Community-generated Postvention
Art holds the power to transform pain into understanding, inspiring healing where words fall short in the aftermath of suicide and mental health struggles.
Suicide loss is a major impediment to adolescent health and educational progress, yet school-focused postvention programming (i.e., support after a suicide death) is nonexistent, limited to guidelines based on exceedingly few studies of largely White youth. Building on our work with Youth Creating Change, in our next phase, we hope to continue to understand how art can be leveraged for learning to address adolescent suicide.

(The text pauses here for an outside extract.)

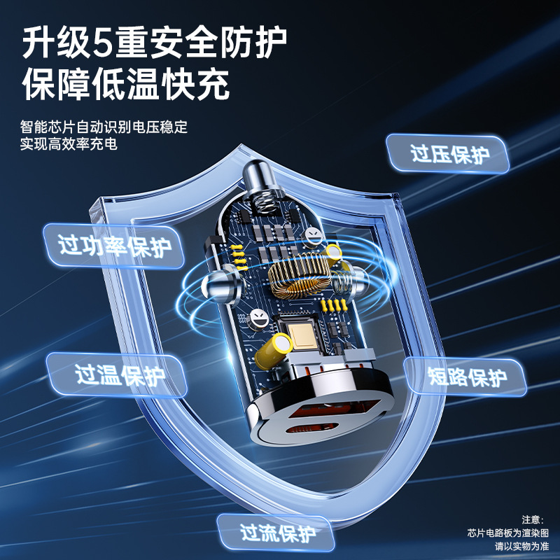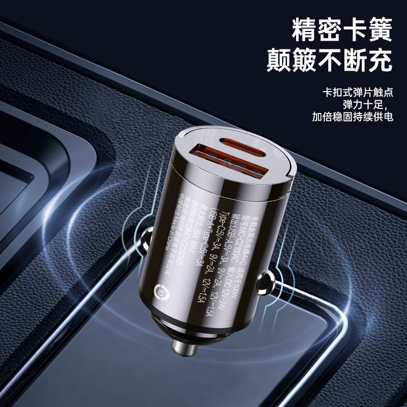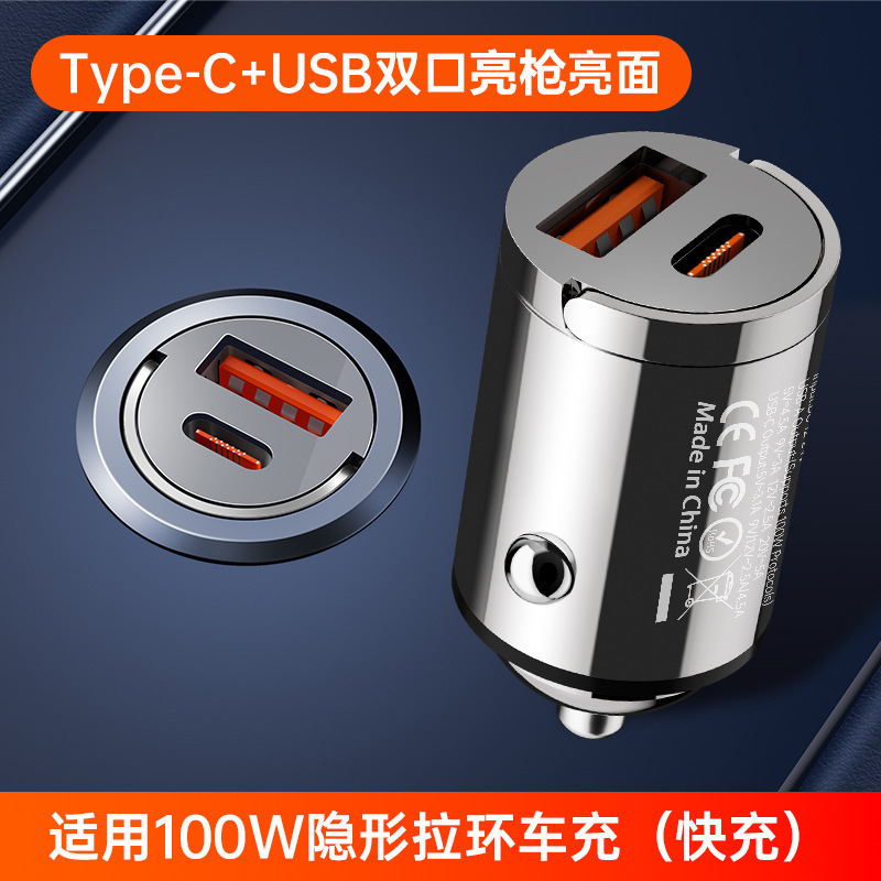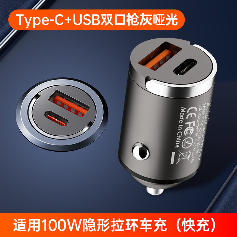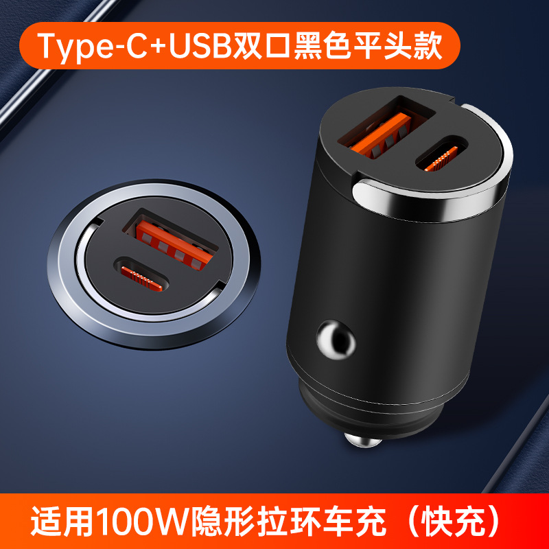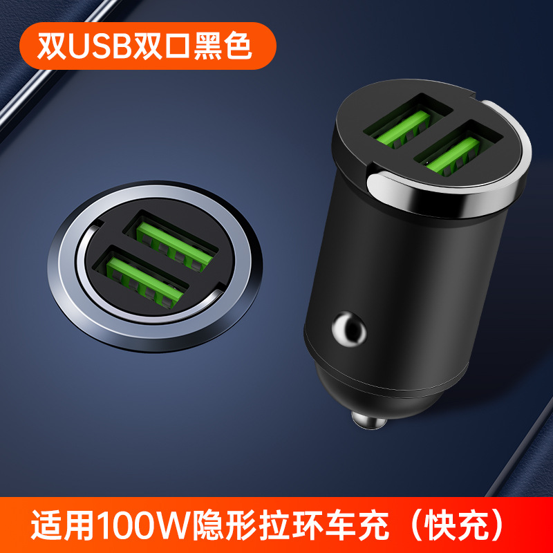 车载充电器适用100W超级快充隐形拉环车充汽车用手机充电器点烟器
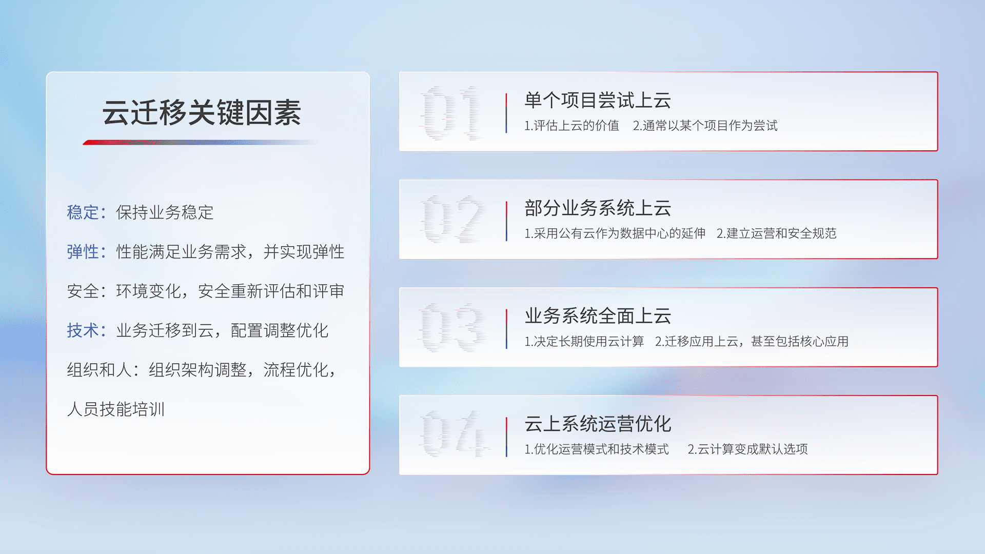 结合实际业务,,,,从规划设计、、、、云平台选型、、、、云原生改造、、数据迁移、、、、集成交付,,,,迁移全过程为客户识别最佳上云路径,,做好风险识别管理,,,设计网络架构、、、身份权限、、安全审计合规、、操作审计、、日志审计、、、监控告警策略、、、、多站点容灾设计等,,,,对云上基础设施进行整体规划,,提升IT治理水平,,,以满足弹性、、、高可用、、、、高性能的需求。。

Our project will utilize a unique mix of qualitative interviews, ethnodrama for developing verbatim documentary theater, theatrical dissemination for community discussion, and ongoing community review to aim to. The ethnodrama approach is unique in a) amplifying the nuance and authenticity of youth voices, b) building guardrails for psychological safety for youth suicide loss participants, while c) creating conditions for empathy with youths’ experience by ethnoactors and audience members. This project convenes a trailblazing research-practice-partnership between NYU ARCADIA’s Dr. Pamela Morris-Perez, NYU Verbatim Performance Lab’s Joe Salvatore, and Youth Creating Change’s Jana Sczersputowski and Stan Collins to develop the first-ever school-based, community-generated, postvention healing program.